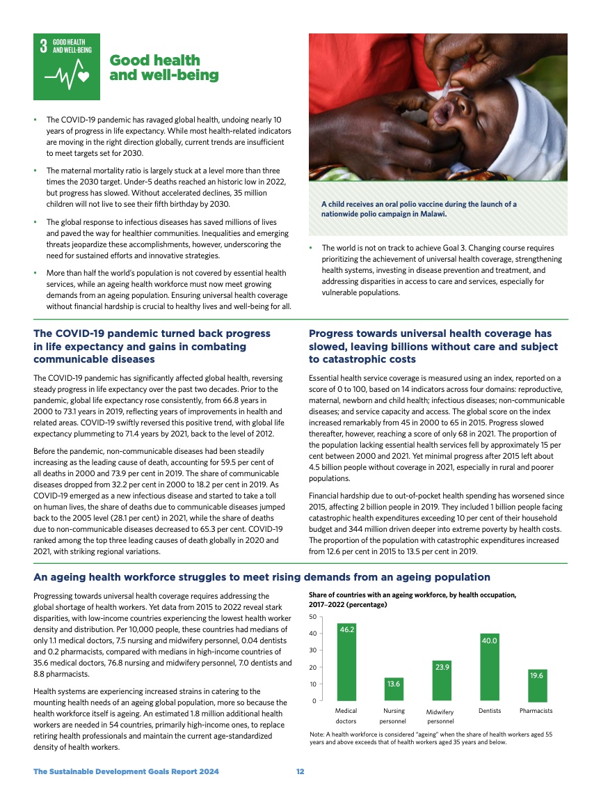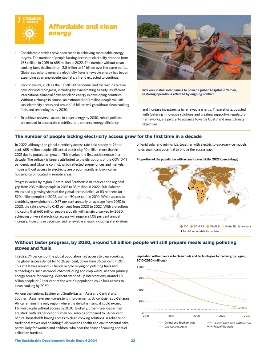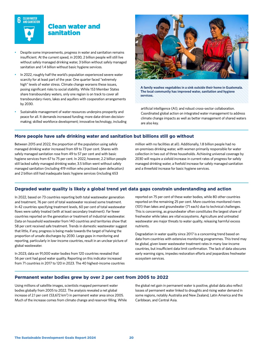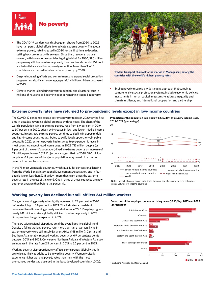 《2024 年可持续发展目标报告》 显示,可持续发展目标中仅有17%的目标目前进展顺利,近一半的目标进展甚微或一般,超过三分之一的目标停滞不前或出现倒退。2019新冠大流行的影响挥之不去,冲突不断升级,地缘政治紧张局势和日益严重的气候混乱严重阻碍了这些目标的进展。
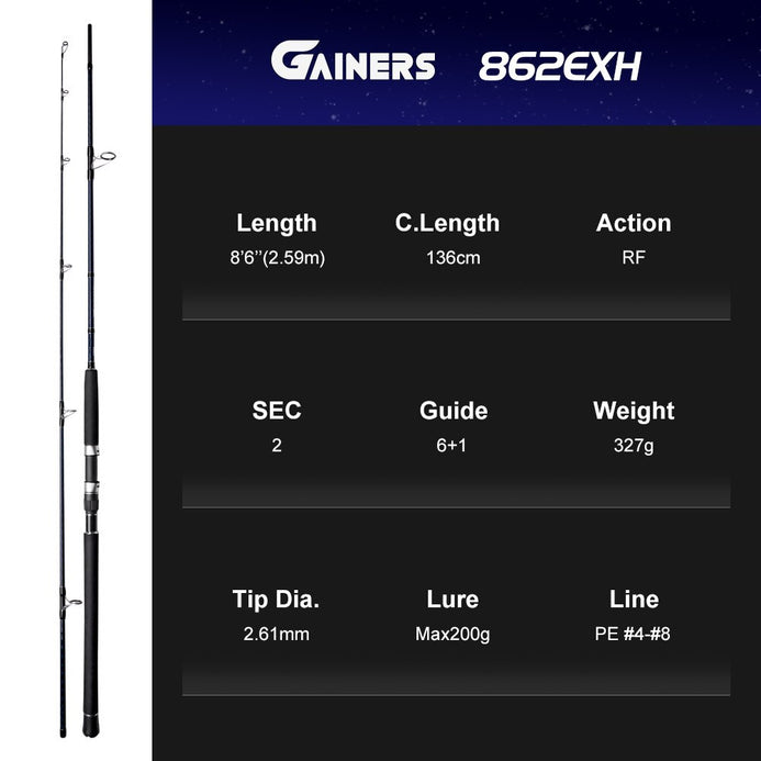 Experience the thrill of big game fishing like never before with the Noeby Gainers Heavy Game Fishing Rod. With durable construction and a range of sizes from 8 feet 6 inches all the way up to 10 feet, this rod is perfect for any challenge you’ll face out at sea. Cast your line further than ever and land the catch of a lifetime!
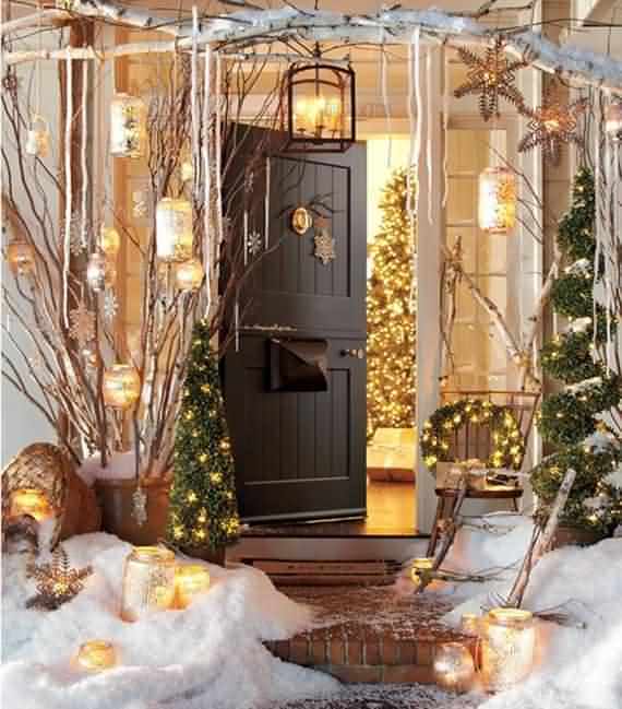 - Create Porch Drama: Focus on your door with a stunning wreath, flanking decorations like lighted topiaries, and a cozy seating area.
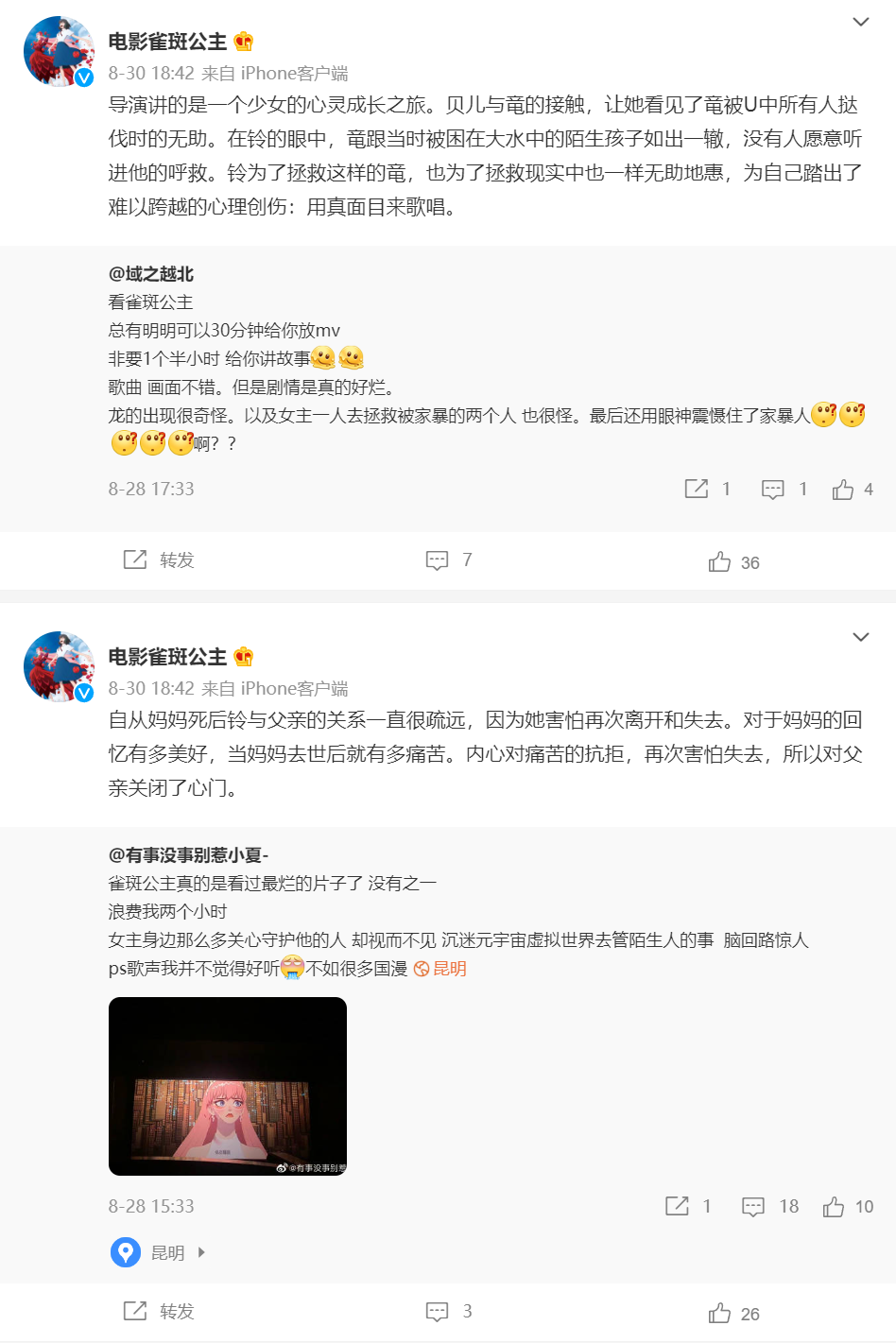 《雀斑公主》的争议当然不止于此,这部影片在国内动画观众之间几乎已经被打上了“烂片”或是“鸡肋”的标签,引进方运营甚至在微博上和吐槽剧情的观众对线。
###
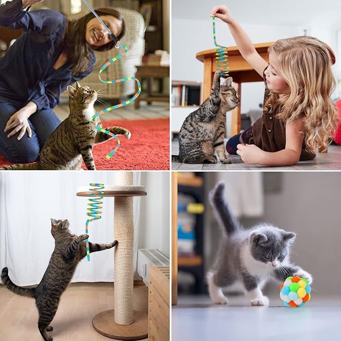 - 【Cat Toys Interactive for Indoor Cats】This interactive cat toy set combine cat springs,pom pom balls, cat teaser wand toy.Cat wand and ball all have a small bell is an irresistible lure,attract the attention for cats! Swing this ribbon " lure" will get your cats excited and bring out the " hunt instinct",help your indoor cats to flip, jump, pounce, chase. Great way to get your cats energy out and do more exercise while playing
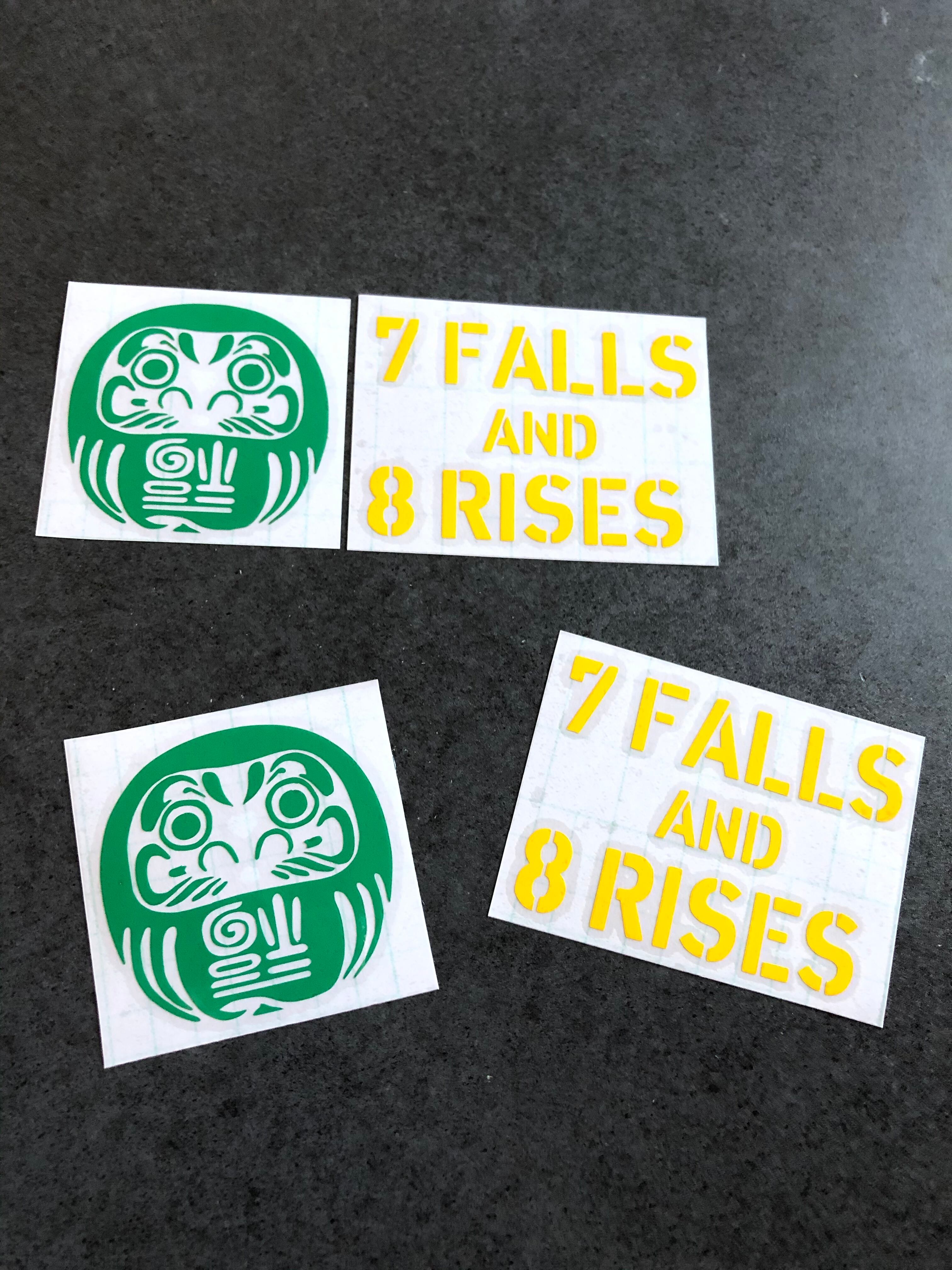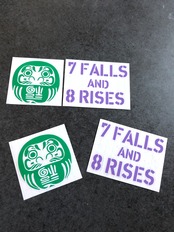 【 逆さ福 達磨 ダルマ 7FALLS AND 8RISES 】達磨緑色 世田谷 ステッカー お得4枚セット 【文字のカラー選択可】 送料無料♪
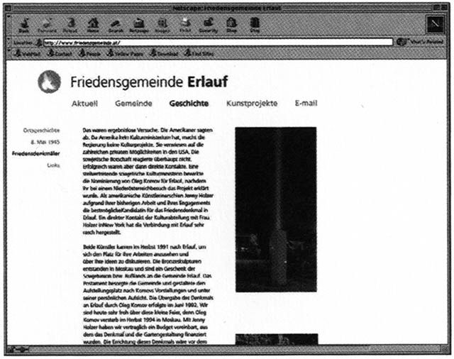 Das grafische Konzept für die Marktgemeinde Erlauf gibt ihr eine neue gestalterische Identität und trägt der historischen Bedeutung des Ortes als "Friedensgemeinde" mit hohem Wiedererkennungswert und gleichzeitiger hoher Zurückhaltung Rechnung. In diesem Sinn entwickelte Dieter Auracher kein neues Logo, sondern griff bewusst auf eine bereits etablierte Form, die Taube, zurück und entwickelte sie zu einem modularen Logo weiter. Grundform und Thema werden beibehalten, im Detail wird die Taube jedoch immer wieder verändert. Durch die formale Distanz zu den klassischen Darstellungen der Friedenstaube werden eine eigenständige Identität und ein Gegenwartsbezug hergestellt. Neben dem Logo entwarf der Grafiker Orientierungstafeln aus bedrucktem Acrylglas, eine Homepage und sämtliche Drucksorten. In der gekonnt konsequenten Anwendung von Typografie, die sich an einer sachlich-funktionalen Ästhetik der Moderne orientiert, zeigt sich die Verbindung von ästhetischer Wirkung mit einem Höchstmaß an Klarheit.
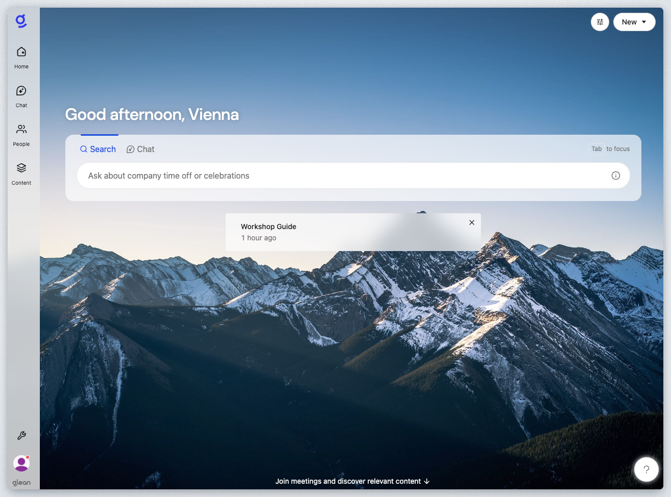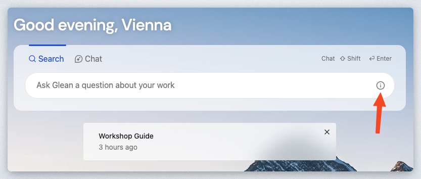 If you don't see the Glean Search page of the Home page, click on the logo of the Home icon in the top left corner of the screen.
###
_ABOUT THIS EXERCISE_. In the records above, everything from the line with "- 【Cat Toys" down to the line with "お得4枚セット 【文字のカラー選択可】 送料無料♪" must be duplicated exactly, both lines kept. Leave no pictures in.

_FINISHED EXERCISE_.
 - 【Cat Toys Interactive for Indoor Cats】This interactive cat toy set combine cat springs,pom pom balls, cat teaser wand toy.Cat wand and ball all have a small bell is an irresistible lure,attract the attention for cats! Swing this ribbon " lure" will get your cats excited and bring out the " hunt instinct",help your indoor cats to flip, jump, pounce, chase. Great way to get your cats energy out and do more exercise while playing
 【 逆さ福 達磨 ダルマ 7FALLS AND 8RISES 】達磨緑色 世田谷 ステッカー お得4枚セット 【文字のカラー選択可】 送料無料♪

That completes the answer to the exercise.